Every coach I’ve had would have advised me to take a touch in a situation like this. But Matthew Taylor taught me that “taking a touch” is for cowards, and people that score wonder goals … eventually get two full sleeves of tattoos and end up playing for Northampton Town. Which I’m going to interpret as the English football version of gangsters getting chubby and moving to Miami.

In the match recap, The Guardian said this was “on the short-list for Goal Of the Season,” which, as we get further out from it, seems cuter and cuter, because this was definitely the best Premier League goal of that season. And in my weaker moments — like right after watching it 53 times in a row — I catch myself thinking that maybe it’s the best Premier League goal of all time.

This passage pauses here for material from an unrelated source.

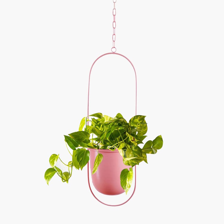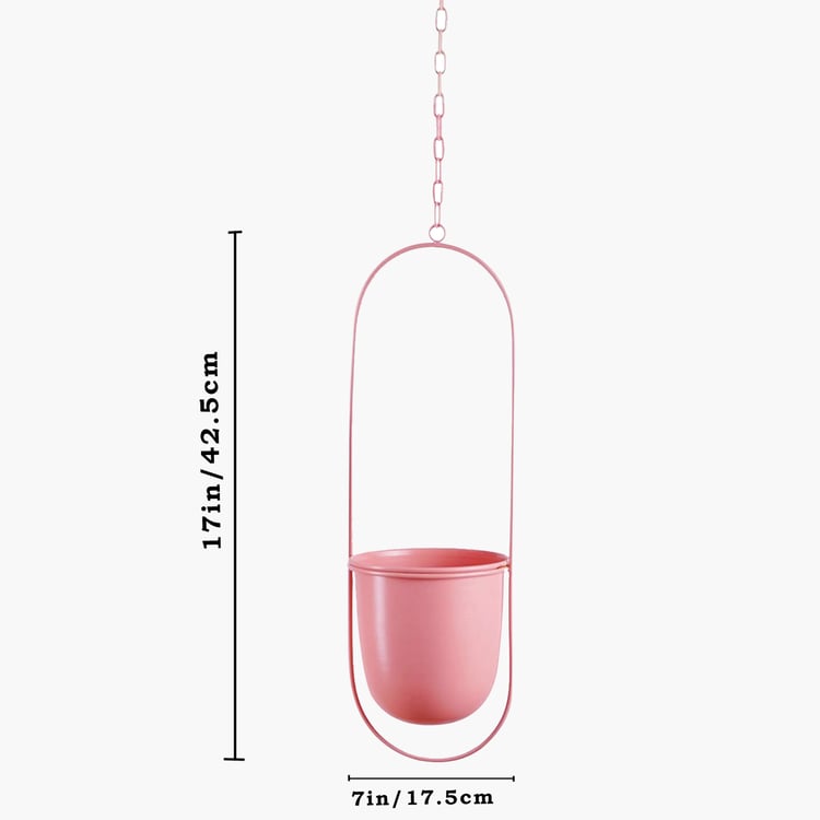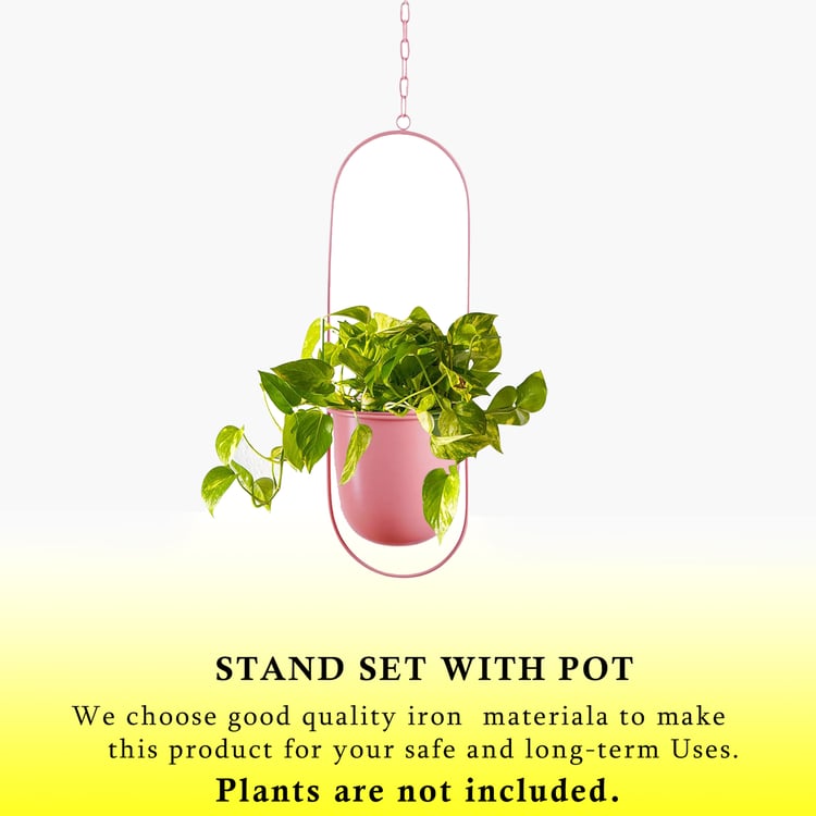 Add a modern decorative touch to your space with this metal hanging planter, designed to elevate any interior or balcony. Crafted from durable iron, it features a sturdy oblong stand with a matching hanging chain for secure suspension. The minimalist metal frame beautifully highlights plants while ensuring long-lasting strength and stability.

Michael Essien: Chelsea vs. Arsenal, December 10

Sam Schube: The last half-hour or so of high school soccer practice was given over to individual training. That was the idea, at least. After a couple of hours of sprints and possession drills, the Oakwood Gorillas were free to work on whichever aspect of the game we found most bedeviling, or beguiling, or fun, or simply closest to the parking lot, where we could fire up a post-practice spliff. Usually it meant a lot of fucking around: excessive rabonas, maybe, or a head-juggling contest. In December 2006, though, we were all doing the same thing in that formless final 30 minutes. We were all trying to be Chelsea’s Michael Essien.

Here’s the stupid thing Essien did against Arsenal:

The execution is breathtaking, and so is the audacity. But what’s really fucking great about it is how wrong it looks, until it doesn’t. Arsenal hold a 1–0 lead as time ticks toward 90, and Essien charges toward a loose ball something like 25 yards from goal. He puts his foot through it, and the ball’s trajectory looks like its headed somewhere in the 10th row of the stands, a little ways to the keeper’s right. Good seats. Bad spot to shoot.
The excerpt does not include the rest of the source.